Airway distensibility in healthy and asthmatic subjects: effect of lung volume history

David Peter Johns1, John Wilson1, Richard Harding2, and E. Haydn Walters1

1 Department of Respiratory Medicine, The Alfred Hospital and Monash University Medical School, Prahran, Melbourne, Victoria 3181; and 2 Department of Physiology, Monash University, Clayton, Melbourne, Victoria 3168, Australia

Anatomic dead space (VD) is known to increase with end-inspiratory lung volume (EILV), and the gradient of the relationship has been proposed as an index of airway distensibility (Delta VD).
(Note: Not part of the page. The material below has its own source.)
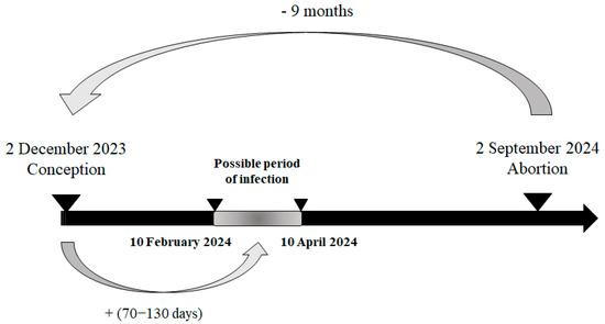 Based on the reported gestational stage of the necropsied foetuses, it was possible to estimate their date of conception and, consequently, the likely at-risk period for infection. During week 36, on 2 September 2024, the foetus with the earliest estimated at-risk period was reported. This case concerned a 9-month-old Holstein foetus from Luxembourg province, also affected by hydranencephaly. The estimated date of conception was 2 December 2023, with the likely at-risk period for infection—between the 70th and 130th day of gestation—falling between 10 February 2024 and 10 April 2024, corresponding to epidemiological weeks 6 to 15 of 2024 (Figure 4).

The aims of this study were to apply a rapid method for measuring Delta VD and to determine whether it was affected by lung volume history. VD of 16 healthy and 16 mildly asthmatic subjects was measured at a number of known EILVs by using a tidal breathing, CO2-washout method. The effect of lung volume history was assessed by using three tidal breathing regimens: 1) three discrete EILVs (low/medium/high; LMH); 2) progressively decreasing EILVs from total lung capacity (TLC; TLC-RV); and 3) progressively increasing EILVs from residual volume (RV; RV-TLC). Delta VD was lower in the asthmatic group for the LMH (25.3 ± 2.24 vs. 21.2 ± 1.66 ml/l, means ± SE) and TLC-RV (24.3 ± 1.69 vs. 18.7 ± 1.16 ml/l) regimens. There was a trend for a lower Delta VD in the asthmatic group for the RV-TLC regimen (23.3 ± 2.19 vs. 18.8 ± 1.68 ml/l). There was no difference in Delta VD between groups. In conclusion, mild asthmatic subjects have stiffer airways than normal subjects, and this is not obviously affected by lung volume history.